Issue-Wise Detailed Analysis:
1. Validity of the Orissa Municipal Elections Validation Ordinance, 1959: The petition challenged the Ordinance as void and inoperative in its application to Cuttack Municipality. The Ordinance was promulgated by the Governor of Orissa to validate the elections to Cuttack Municipality despite the High Court's judgment in O.J.C. No. 72 of 1958 declaring the elections invalid. The Ordinance aimed to provide immediate steps to validate the electoral rolls and elections to avoid huge expenditure and administrative problems.
2. Constitutionality of Section 4 of the Ordinance under Article 14 of the Constitution: Section 4 of the Ordinance was argued to offend the equality clause guaranteed in Article 14 of the Constitution. It was contended that the petitioner was singled out and deprived of the fruits of his success in O.J.C. No. 72 of 1958 without any reasonable basis for such classification. The court held that the reasons provided for the classification, such as financial expenditure and administrative problems, were unsubstantial and did not justify the discriminatory treatment against the petitioner. The court emphasized that Article 14 is a command to the State to ensure equality and cannot be weakened by arbitrary classification.
3. Constitutionality of Sub-section (1) of Section 5 of the Ordinance: Sub-section (1) of Section 5 validated "all actions taken and powers exercised" by the Councillors, Chairman, and Vice-Chairman of Cuttack Municipality prior to 15-1-1959. The court found this provision to be overly broad and inconsistent with existing laws, such as the Indian Penal Code and the Contract Act, which deal with matters in the Concurrent List. The provision was also found to arbitrarily discriminate between the Chairman, Vice-Chairman, and Councillors on one hand, and the officers and servants of the Municipality on the other, in terms of liability for actions done under the Orissa Municipal Act. Consequently, Sub-section (1) of Section 5 was held to be void.
4. Effect of the Ordinance on the judgment in O.J.C. No. 72 of 1958: The judgment in O.J.C. No. 72 of 1958 declared the elections to Cuttack Municipality invalid due to the belated notification of the qualifying date and the abridgement of the period for filing claims and objections, which materially affected the election results. The court held that Section 4 of the Ordinance, which aimed to annul the judgment, was insufficiently drafted to achieve this purpose. It did not address the material prejudice caused by the abridgement of the period for filing claims and objections and the period for canvassing. Therefore, the judgment in O.J.C. No. 72 of 1958 remained binding between the parties.

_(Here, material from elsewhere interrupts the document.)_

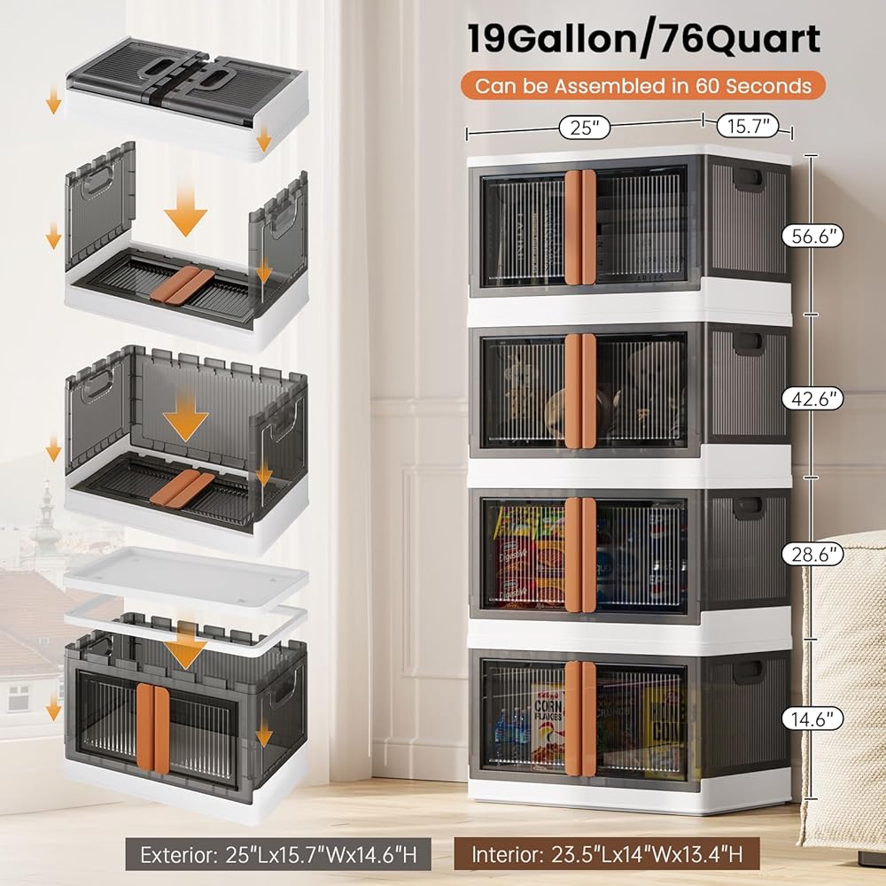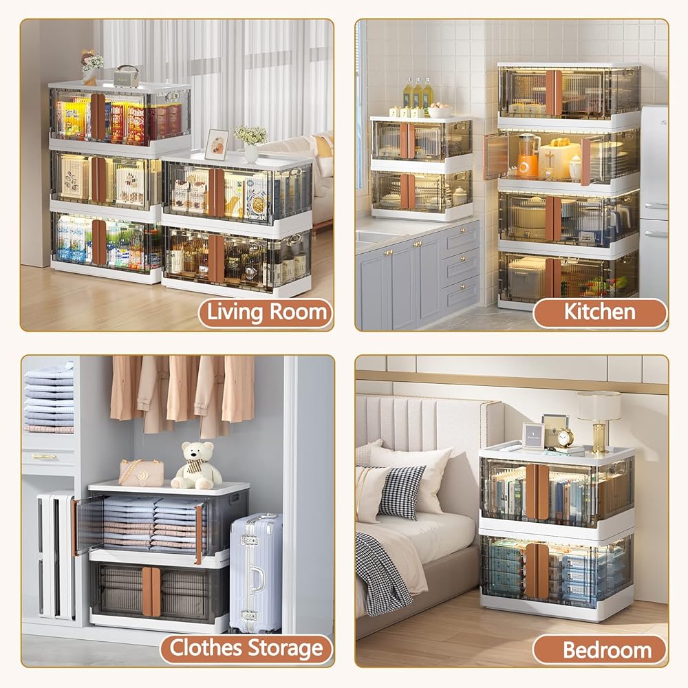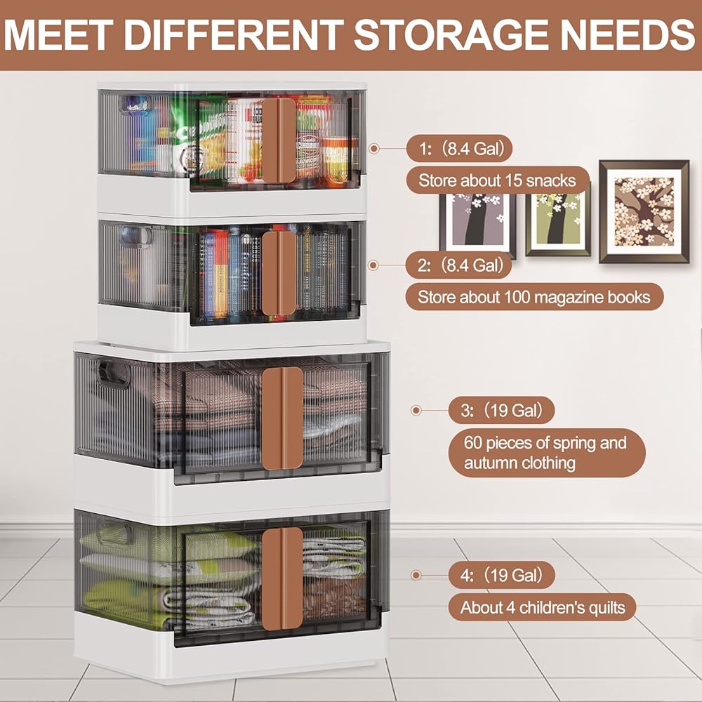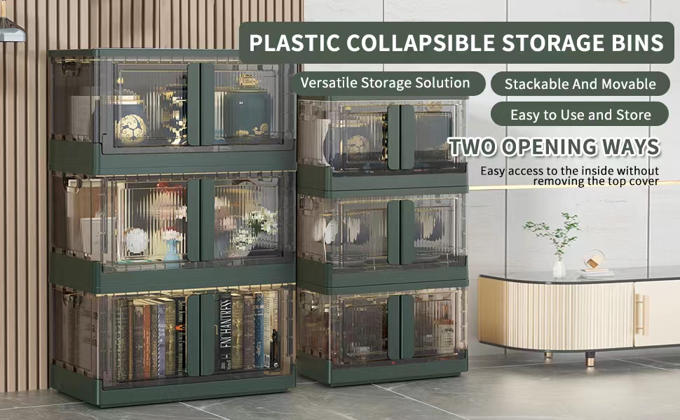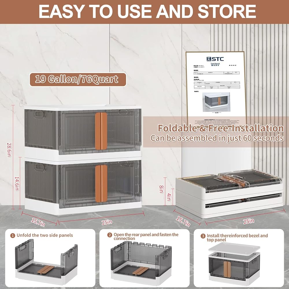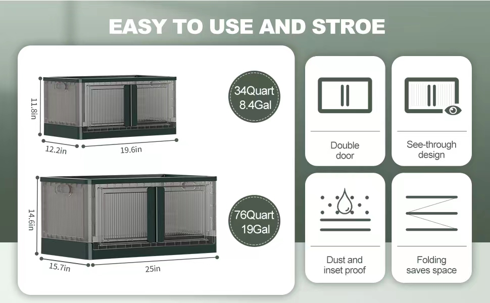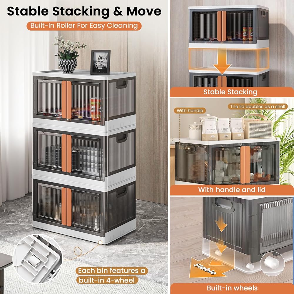 【توفير المساحة والنقل】 تضمن الأخاديد الموجودة على غطاء صناديق التخزين القابلة للطي الثبات عند التكديس، مما يوفر مساحة أكبر. العجلات الأربع سهلة التشغيل الموجودة في الجزء السفلي من الصندوق تجعل من السهل التحرك أثناء التنظيف.

5. Legislative power vs. judicial power in enacting the Ordinance: The court rejected the contention that the Ordinance was a mere colorable device to set aside the judgment of the High Court and an assumption of judicial power by the Governor. It held that the constitutionality of an Ordinance must be judged based on whether it contravenes the provisions of the Constitution, not on the ground of usurpation of judicial power by the Legislature or the Governor.

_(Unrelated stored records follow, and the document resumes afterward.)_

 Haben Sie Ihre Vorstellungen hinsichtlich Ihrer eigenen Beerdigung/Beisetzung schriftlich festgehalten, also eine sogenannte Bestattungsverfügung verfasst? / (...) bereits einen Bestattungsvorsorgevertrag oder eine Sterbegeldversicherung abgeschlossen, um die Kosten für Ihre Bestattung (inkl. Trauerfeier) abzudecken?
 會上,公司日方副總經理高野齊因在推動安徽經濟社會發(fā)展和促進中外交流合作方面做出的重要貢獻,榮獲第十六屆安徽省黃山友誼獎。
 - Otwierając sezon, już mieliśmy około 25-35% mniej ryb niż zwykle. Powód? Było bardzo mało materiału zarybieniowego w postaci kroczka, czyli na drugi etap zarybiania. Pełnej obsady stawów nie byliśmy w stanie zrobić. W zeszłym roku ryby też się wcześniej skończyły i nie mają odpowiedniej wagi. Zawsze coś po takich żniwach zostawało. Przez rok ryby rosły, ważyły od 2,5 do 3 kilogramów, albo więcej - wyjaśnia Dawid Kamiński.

6. Impact of the Legislative Assembly's refusal to introduce the Bill on the validity of the Ordinance: The court dismissed the argument that the Legislative Assembly's refusal to grant leave for the introduction of the Orissa Municipal Election Validating Bill, 1959, was tantamount to disapproval of the Ordinance. It held that the refusal of leave for the introduction of a Bill does not equate to passing a resolution disapproving the Ordinance. The procedure for introducing a Bill is distinct from that for moving a resolution, and the refusal to grant leave for the Bill's introduction only meant that the Bill would be removed from the list of Bills for one session of the Assembly.
Conclusion: The court declared Section 4 and Sub-section (1) of Section 5 of the Ordinance invalid. It held that Section 4 was insufficient to annul the judgment in O.J.C. No. 72 of 1958, and Sub-section (1) of Section 5 was void due to its inconsistency with existing laws and arbitrary discrimination. The court granted a permanent injunction restraining the State of Orissa and the elected Councillors from enforcing the invalidated provisions of the Ordinance.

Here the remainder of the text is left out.